Suggested Code Modification:

To improve the handling of the optimizer based on the device, we can add a conditional statement that sets the optimizer name based on whether the model is being trained on a CPU or a GPU. Here’s the suggested modification:

# .
    # Check if CUDA is available
    device = 'cuda' if torch.cuda.is_available() else 'cpu' if torch.backends.mps.is_available() else 'cpu'

    # Change optimizer if not using CUDA
    optim = 'adamw_torch' if device == 'cpu' else 'adamw_torch_fused'  # Use a valid optimizer name
#

Suggested Changes

Device Check:
- The line device = 'cuda' if torch.cuda.is_available() else 'cpu' if torch.backends.mps.is_available() else 'cpu' remains unchanged.
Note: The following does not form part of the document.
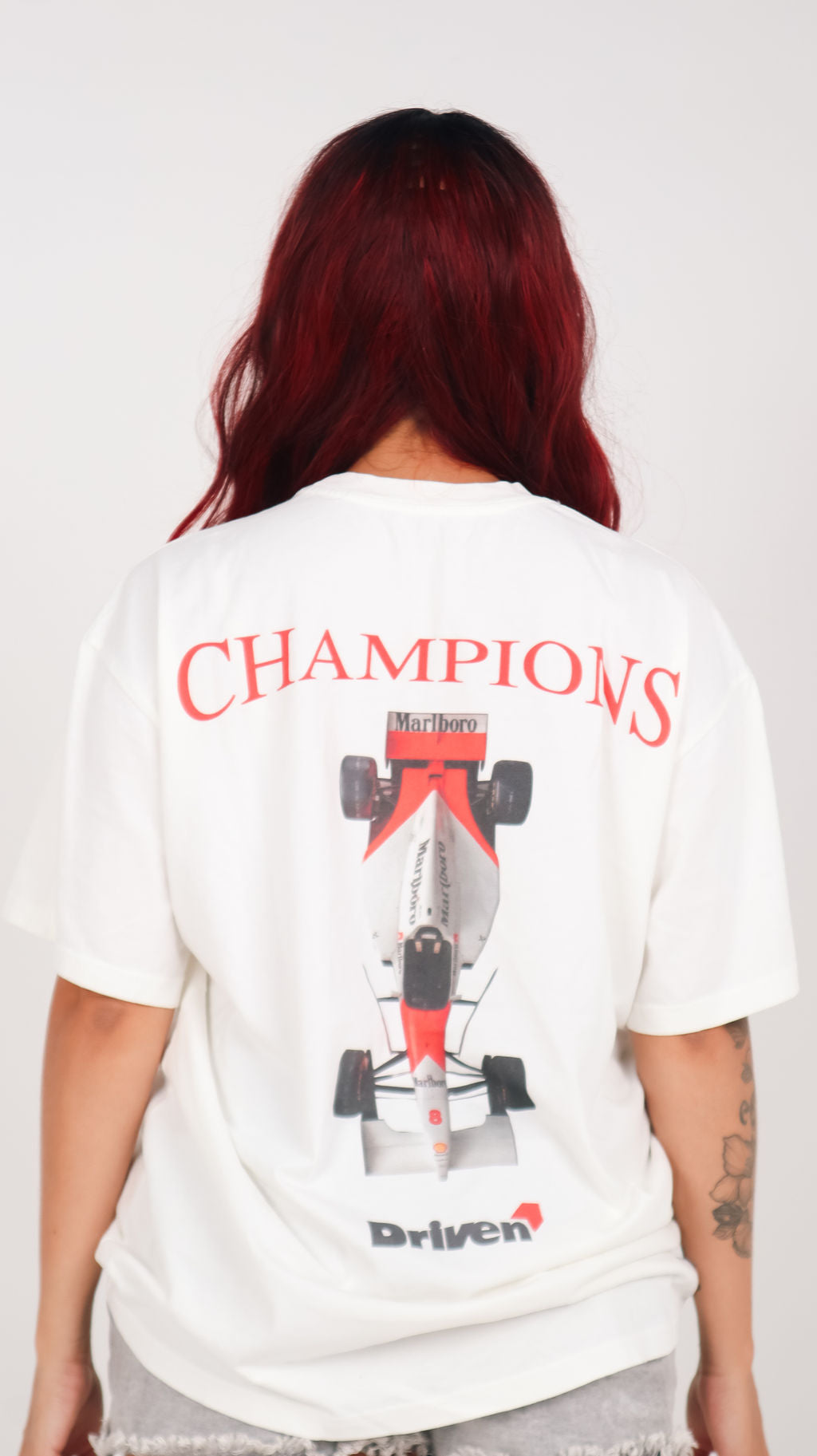 “CHAMPIONS” no es solo un título: es un guiño a la máquina que definió una era. Esta camiseta rinde homenaje al McLaren-Honda MP4/4 de finales de los 80, símbolo de precisión, velocidad y dominio absoluto en la pista. Confeccionada en algodón premium de 230 g/m², ofrece un tacto sólido y suave, un corte relajado con buena caída y un estampado trasero en alta definición que muestra la icónica librea rojo/blanco en vista superior.

It effectively determines the device to be used for training.
Optimizer Assignment:
- The new line optim = 'adamw_torch' if device == 'cpu' else 'adamw_torch_fused' introduces a conditional assignment for the optimizer:
  - If the device is cpu, it assigns the optimizer to 'adamw_torch', which is suitable for CPU training.
  - If the device is cuda (indicating a GPU), it assigns the optimizer to 'adamw_torch_fused', which is optimized for GPU training.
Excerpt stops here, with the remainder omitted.